During the experiments, we used the same augmentations as in the previous section, NoiseInjection in Full positions for regularization with p = 0.05 and linear dropout with p = 0.05.

Train Accuracy Val. Accuracy model degree width_scale Parameters
58.15 56.35 16 7 2 382.25M
44.28 50.07 16 7 1 95.59M
57.35 55.72 16 5 2 297.33M
43.27 50.94 16 5 1 74.36M
56.34 58.09 16 3 2 212.41M
42.91 51.48 16 3 1 53.13M
80.70 65.42 12 7 2 438.90M
74.71 63.81 12 7 1 109.76M
84.31 67.31 12 5 2 341.39M
75.96 64.47 12 5 1 85.38M
82.06 69.70 12 3 2 243.88M
73.14 66.65 12 3 1 61.00M
84.89 66.64 8 7 2 162.85M
73.53 62.93 8 7 1 40.74M
83.96 67.94 8 5 2 126.69M
70.36 64.01 8 5 1 31.70M
81.41 69.67 8 3 2 90.52M
65.24 65.30 8 3 1 22.66M

scaling

Interesting conclusions:

  • Seems that scaling width works better than scaling depth.
  • There are no benefits of scaling degree
  • Number of trainable params grows really fast in any setup (depth, width or degree)

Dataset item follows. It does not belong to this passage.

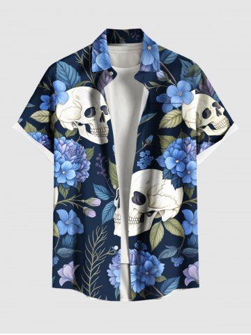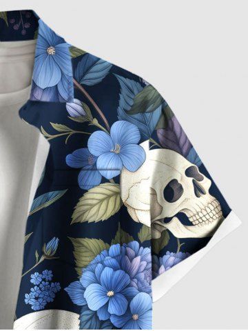 Tenue de plage hawaïenne assortie grande taille à imprimé tête de mort, fleur, feuille, branche, pour couple - Noir - Noir

It could be linked with small dataset size and maybe on larger datasets we will see another results. Anyway, we need to find a workaround for that.

Hyper parameters tuning

In this experiment, we want to try to find a good set of hyperparameters for 8 layers models. Search space consists of:

  • L1 activation penalty
  • L2 activation penalty
  • L1 weight decay
  • Dropout rate before the output layer
  • Dropout rate/Noise Injection, Full placement
  • “Dropout type”: use either Dropout or Noise Injection inside ConvKAGN layers
  • Width scale: parameter that expands the number of channels
  • Degree of Gram polynomials
  • Adam weights decay
  • Learning rate
  • Learning rate power: parameter that controls the learning rate scheduler
  • Label smoothing

In order to find a proper parameter set and reduce the probability of overfitting to the test set, we split the training set of CIFAR100 into new train and new test sets with a proportion of 80/20. After finishing the parameter search, we train the new model on the full CIFAR100 training set and evaluate it on the full test set.

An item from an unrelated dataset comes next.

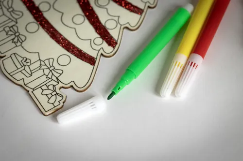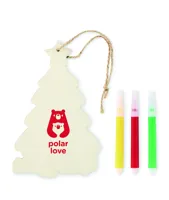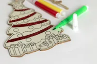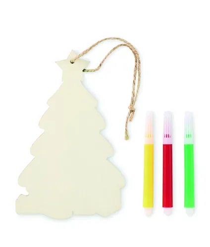 Nyárfából készült, kiszínezhető karácsonyfadísz 3 filctollal, juta zsinórral.

After 50 runs of optimization, the following best parameters have been acquired with an accuracy of 61.85%:

{
    'l1_activation_penalty': 1e-07,
    'l2_activation_penalty': 1e-06,
    'l1_decay': 0,
    'dropout_linear': 0.1456351951990277,
    'dropout_full': 0.08211066335714672,
    'drop_type': 'noise',
    'width_scale': 6,
    'degree': 3,
    'lr_power': 1.1275350538654738,
    'adam_weight_decay': 6.579785489783022e-06,
    'learning_rate': 0.000779538356958937,
    'label_smoothing': 0.1823706816166831
}

And the results of the models on this parameter set.

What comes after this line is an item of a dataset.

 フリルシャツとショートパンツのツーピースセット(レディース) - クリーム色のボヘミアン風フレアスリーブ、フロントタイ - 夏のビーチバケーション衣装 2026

Val. Accuracy Model Parameters
74.87 8 203.59M
72.48 12 389.39M
67.28 16 477.83M

training curves, best params

The model trained on optimal parameters performs much better compared to the default one. We also see that depth increasing negatively affects performance, it could be linked to extreme model size (almost half a billion params) or with extreme depth and vanishing gradients, but we have a lot of workarounds for that case: ResNet-like, DenseNet-like, and many other ways to deal with it. All we need to do is solve the overwhelming parameter number in the models.

Conclusions

A good set of training parameters for the 8-layer ConvKAN model that boosts performance on CIFAR100 to an amazing 74.87% accuracy. Interesting fact, Noise Injection works better compared to Dropout for KANs.

But there are several problems:

  • The number of parameters in the model is too large and grows too quickly with an increase in the model's width or depth.

  • This leads to very long training times and increased resource consumption.

  • This is likely related to the model's poor scalability in depth - the probability of overfitting is very high.

  • Or maybe it’s better to scale KANs widthwise instead of depthwise. intuitively, KAN convolutional kernels are a set of learnable non-linear functions, and these functions could be pretty complex to handle dataset patterns with fewer layers compared to traditional convolutions.